Szymański za zamkniętymi drzwiami przypominał, że „Polska ma historię wypełniania nawet trudnych orzeczeń TSUE”, ale jednocześnie odmówił „kreślenia przyszłych scenariuszy” w sprawie unijnego Trybunału. Potem Timmermans podczas konferencji prasowej ponownie – tym razem publicznie – wzywał polski rząd do jednoznacznego określenia się, czy będzie wypełniać wszystkie wyroki TSUE, także w kwestii praworządności. Sprecyzował, że do tej pory nie otrzymał takich jednoznacznych zapewnień ze strony Warszawy. Ta kwestia staje się teraz coraz bardziej paląca, bo Komisja Europejska już w tę środę najprawdopodobniej zdecyduje o skierowaniu skargi do TSUE na Polskę w związku z czystką emerytalną w SN.
Ta nowa skarga do TSUE – przynajmniej na gruncie unijnego prawa – byłaby szansą, by w ostatnim momencie zatrzymać burzenie SN. Timmermans zaproponuje bowiem reszcie komisarzy UE połączenie tej skargi z prośbą z Komisji Europejskiej, by TSUE nałożył „środek tymczasowy”, czyli zamroził przepisy o czystce emerytalnej w SN. Bywa, że wiceprezes TSUE, do którego należą postanowienia o tak doraźnych działaniach, podejmuje decyzje nawet w niecały tydzień od wpłynięcia wniosku od Komisji Europejskiej.

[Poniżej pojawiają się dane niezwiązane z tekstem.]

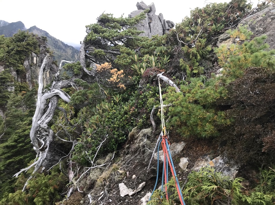 ・終了点は灌木にスリングで構築。(中央稜少し手前の灌木帯)
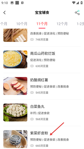 3、切换至目标月龄的食谱列表,点击【紫菜虾皮粉】食谱条目,进入该辅食的详情页面。
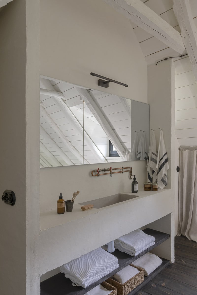 From the recovery of the beams to the solution for the framework made of simple wooden boards, everything in the main house carries the legacy of local traditions. Only the white that covers everything gives us the impression that it is a recent renovation.
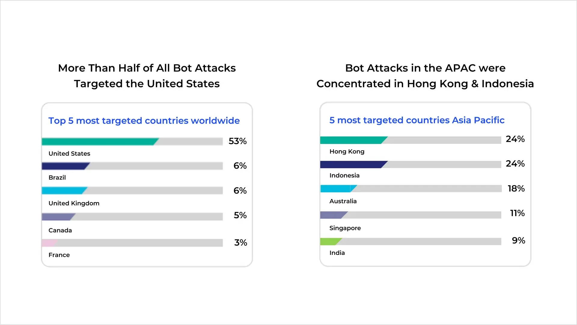 Within the APAC region, Hong Kong and Indonesia each recorded 24% of attacks, making them the most targeted locations. The data shows a clear pattern: economies with large digital footprints and a strong reliance on financial services tend to attract higher volumes of bot traffic. Markets like South Korea, where API-driven services are prevalent, are equally exposed to bot attacks.

Ale czy to zadziała? Przecież o zawieszeniu tych przepisów zdecydował już Sąd Najwyższy w związku ze swymi zapytaniami prejudycjalnymi, a PiS podważa prawomocność tej decyzji. Wprawdzie prawo TSUE do nakładania środka tymczasowego jest zapisane bezpośrednio w Traktacie o Funkcjonowaniu UE, ale czy – mimo tak silnego umocowania – posłuchają tego polskie władze?
Konstytucja nad traktatami unijnymi?
W historii sporu Polski z Unią o praworządność słowa o „przekraczania Rubikonu” już się właściwie zużyły. Nawet trudno znaleźć porównanie dla tego, co może dziać się po jawnym odrzuceniu werdyktów TSUE. W Brukseli słychać obawy, że polski Trybunał Konstytucyjny pod kierownictwem Julii Przyłębskiej może zacząć – na polityczne zamówienie – generować orzeczenia podważające decyzje TSUE (czy też przepisy, na których będą oparte) jako sprzeczne z polską konstytucją.
Jasno określoną wyższość konstytucji nad traktatami unijnymi ma sporo krajów Unii. A niemiecki Trybunał z Karlsruhe kilka lat temu nawet przypomniał prymat niemieckiej „tożsamości konstytucyjnej” nad prawem Unii w swym pytaniu prejudycjalnym dotyczącym polityki monetarnej EBC (podczas kryzysu UE). Ale nie doszło do otwartej konfrontacji systemów prawnych, jaką groziłby polsko-unijny konflikt o to, czy TSUE ma prawo do zajmowania się oceną zmian w polskim wymiarze sprawiedliwości. Jedyna osiągalna sankcja dla Polski w ramach art. 7, czyli przyjęcie deklaracji Rady UE o „wyraźnym ryzyku poważnego naruszenia” wartości podstawowych, byłaby niczym w porównaniu z koszmarną i nieprzewidywalną burzą, której Szymański nie chciał z góry zdusić (a zapewne nie był do tego uprawniony) krótkim zdaniem, że orzeczenia TSUE pozostaną dla Polski ostateczne.